A Kinshasa, la plénière de la honte!

En République démocratique du Congo, l’opposition soupçonne la majorité de vouloir retarder les échéances électorales avec le projet de loi électorale à examiner ce samedi par l’Assemblée nationale.

Pour l’examen de ce texte, une plénière a été convoquée ce 17 janvier, un jour férié commémorant le décès de Patrice Emery Lumumba, héros national assassiné en 1961.

Le choix de ce jour férié pour débattre du projet de loi électorale alimente la suspicion dans les rangs de l’opposition, qui a décidé de boycotter l’examen de ce texte controversé.

Elle met notamment en cause une disposition du projet de loi conditionnant l’organisation des législatives et de la présidentielle prévues en 2016 à un recensement de la population.

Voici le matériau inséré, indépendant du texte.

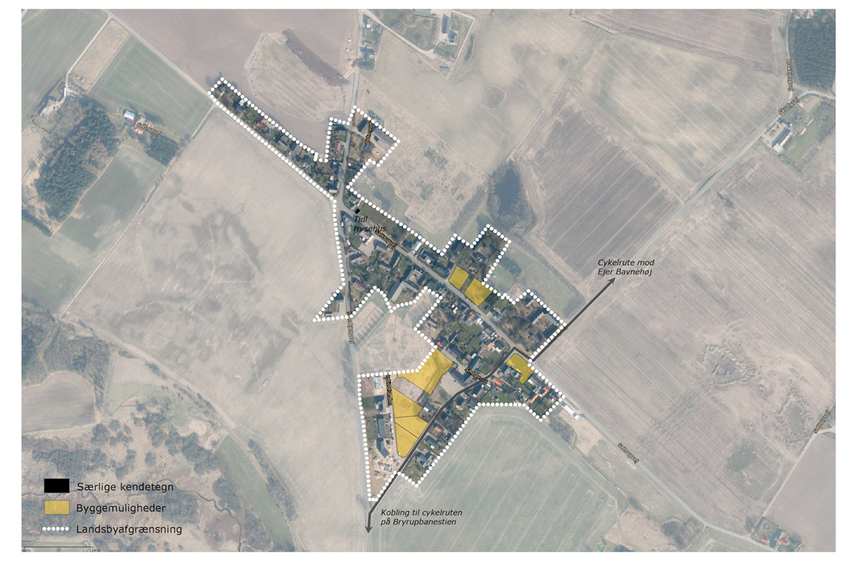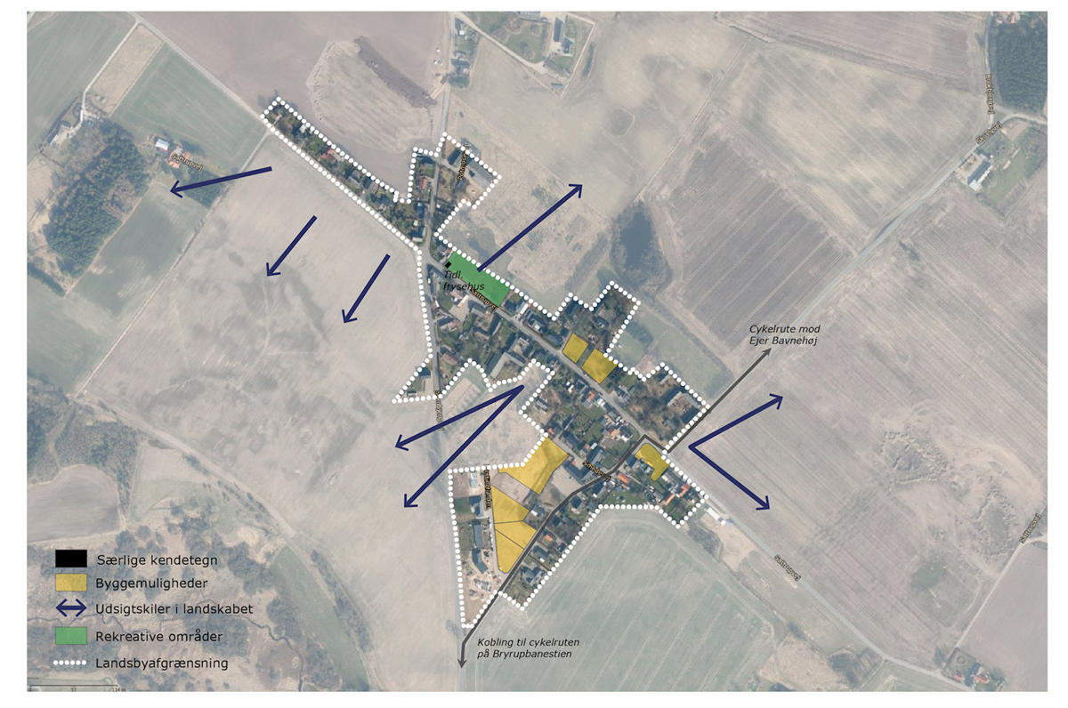 Udpegningerne er foretaget udelukkende for at give borgerne i landsbyen og evt. fremtidige bygherre, et overblik over potentielle fremtidsmuligheder. Det er altså ikke udtryk for, at kommunen kommer til at stå for evt. udvikling, byggerier eller indretning af fællesarealer. Udviklingen skal drives af private investorer, lokalråd, borgere eller fonde. Læs mere her, om hvad der kan søges støtte til i kommunen.

Le décompte de la population peut durer près de trois ans, selon certains observateurs. Ils estiment que cette opération peut retarder les élections.

Un tollé

Une éventualité que n’écarte pas Lambert Mende, le porte-parole du gouvernement. Il a affirmé vendredi que les élections pouvaient se tenir en 2016 comme prévu, tout comme elles pourraient être organisées en 2017. Des propos qui ont suscité un tollé au sein de l’opposition.

Plusieurs partis d’opposition ont d’ores et déjà appelé à une manifestation lundi prochain, devant le Parlement, pour dénoncer ce projet de loi électorale.

Selon la Constitution de la RDC, la présidentielle peut se tenir durant les 90 précédant la fin du mandat du président au pouvoir. Elle peut aussi être organisée pendant les 90 suivant la date d’expiration de son mandat.